While there is nothing fundamentally wrong with the base R apply functions, the syntax is somewhat inconsistent across the different apply functions, and the expected type of the object they return is often ambiguous (at least it is for sapply…). Each of purrr’s map functions can be applied to vectors, lists and data frames.

It is useful to remember that a data frame is a special type of a list where each columns of the data frame corresponds to an entry of the list. Each entry of the data frame-list is a vector of the same length (although the vectors do not need to be of the same type).

One of the primary features of purrr’s map functions is that you need to specify the form of your output as a function suffix separated by an underscore. The first element is always the data object over which you want to iterate, and the second argument is always the function that you want to iteratively apply. For example:

  • map(object, fun) is the primary mapping function and returns a list

  • map_df(object, fun) returns a data frame

  • map_dbl(object, fun) returns a numeric (double) vector

  • map_chr(object, fun) returns a character vector

  • map_lgl(object, fun) returns a logical vector

The input to any map function is always either

  • a vector (of any type), in which case the iteration is done over the entries of the vector

  • a list, in which case the iteration is performed over the elements of the list

  • a data frame, in which case the iteration is performed over the columns of the data frame (which, since a data frame is a special kind of list, is technically the same as the previous point)

The output of each map function is specified by the term that follows the underscore in the function name.

Fundamentally, maps are for iteration.
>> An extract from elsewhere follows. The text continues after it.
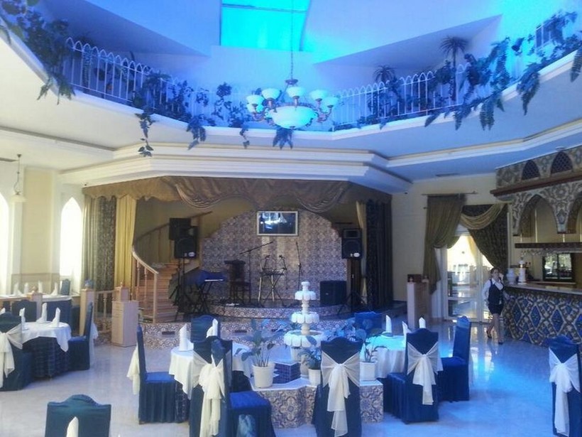 Здесь, прямо в центре заведения работает фонтан, кроме этого по вечерам можно насладиться живой музыкой. В меню предлагают:

In the example below I will iterate through the vector c(1, 4, 7) by adding 10 to each entry. The following code is how you would do this using the base R apply functions

lapply(c(1, 4, 7), function(number) {
  return(number + 10)
})
[[1]]
[1] 11

[[2]]
[1] 14

[[3]]
[1] 17
sapply(c(1, 4, 7), function(number) {
  return(number + 10)
})
[1] 11 14 17

For the purrr equivalents, if you want your output to be a list, you would use map(), if you want it to be a numeric vector, then you would use map_dbl(), if you want it to be a character, then it is map_chr().

library(purrr)
map(c(1, 4, 7), function(number) {
  return(number + 10)
})
[[1]]
[1] 11

[[2]]
[1] 14

[[3]]
[1] 17
map_dbl(c(1, 4, 7), function(number) {
  return(number + 10)
})
[1] 11 14 17
map_chr(c(1, 4, 7), function(number) {
  return(number + 10)
})
Warning: Automatic coercion from double to character was deprecated in purrr 1.0.0.
ℹ Please use an explicit call to `as.character()` within `map_chr()` instead.
[1] "11.000000" "14.000000" "17.000000"

If you want to return a data frame, then you would use map_df (but you need to make sure that in each iteration you’re returning a data frame which has consistent column names).
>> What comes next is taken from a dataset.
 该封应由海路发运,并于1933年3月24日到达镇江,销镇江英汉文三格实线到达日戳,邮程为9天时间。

map_df(c(1, 4, 7), function(number) {
  return(data.frame(old_number = number, 
                    new_number = number + 10))
})
  old_number new_number
1          1         11
2          4         14
3          7         17

map2 and pmap are versions of map functions that work over multiple data frames/lists/vectors at once. There are also fancy things that you can do with purrr that include iterating over entire lists of data as entries to columns of a tibble, but I won’t talk about those here. My next blog post will be on purrr so keep a look out if you want to learn more. For a more comprehensive look at purrr, I recommend Jenny Bryan’s tutorial.

Loading data: readr

At face-value, readr is probably the least exciting tidyverse package. At first glance, it mostly appears to offer tidyverse equivalents to the classic base R data loading functions such as read.csv(). Calling a readr data loading function is usually the same as the base R versions, but they use an underscore _ separator rather than a period separator ., as in read_csv().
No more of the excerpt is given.